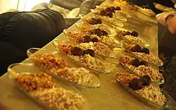 La gastronomía de Afganistán ( Dari : آشپزی افغانستان , Pashto : افغان پخلی ) se basa principalmente en los principales cultivos del país: trigo, maíz, cebada y arroz. Estos alimentos básicos acompañan a frutas, verduras y productos lácteos autóctonos como leche, yogur y suero de leche.[1] Las especialidades culinarias de la nación reflejan su diversidad étnica y geográfica. Afganistán es conocido por sus granadas, uvas de alta calidad y melones dulces con forma de fútbol de rugby.[2] Su plato nacional es la pala de Kabuli.[3]
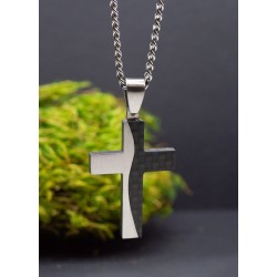 Necklace-Eden Merry-Black-Silver-Wavy Cross
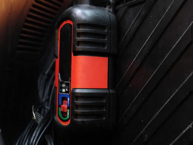 Por último, montar el cargador de batería en algún lugar conveniente, coloque los conectores incluidos en la batería y coloque la potencia del cargador de la cuerda en algún lugar fácilmente accesible para la carga durante la noche.
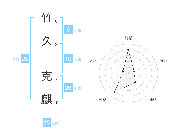竹久 克麒さんを姓名の画数から五運を鑑定
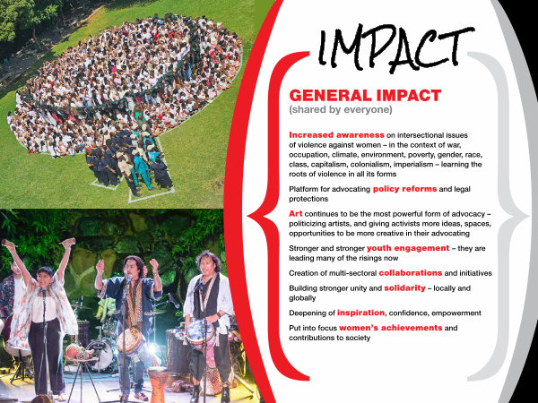 Increased awareness on intersectional issues of violence against women – in the context of war, occupation, climate, environment, poverty, gender, race, class, capitalism, colonialism, imperialism – learning the roots of violence in all its forms
┄┄┄┄┄┄
§ ASSIGNMENT
Copy, word for word, the entries above from the first line to the line that holds "竹久 克麒さんを姓名の画数から五運を鑑定". Drop the pictures.

§ FINAL ANSWER
 La gastronomía de Afganistán ( Dari : آشپزی افغانستان , Pashto : افغان پخلی ) se basa principalmente en los principales cultivos del país: trigo, maíz, cebada y arroz. Estos alimentos básicos acompañan a frutas, verduras y productos lácteos autóctonos como leche, yogur y suero de leche.[1] Las especialidades culinarias de la nación reflejan su diversidad étnica y geográfica. Afganistán es conocido por sus granadas, uvas de alta calidad y melones dulces con forma de fútbol de rugby.[2] Su plato nacional es la pala de Kabuli.[3]
 Necklace-Eden Merry-Black-Silver-Wavy Cross
 Por último, montar el cargador de batería en algún lugar conveniente, coloque los conectores incluidos en la batería y coloque la potencia del cargador de la cuerda en algún lugar fácilmente accesible para la carga durante la noche.
竹久 克麒さんを姓名の画数から五運を鑑定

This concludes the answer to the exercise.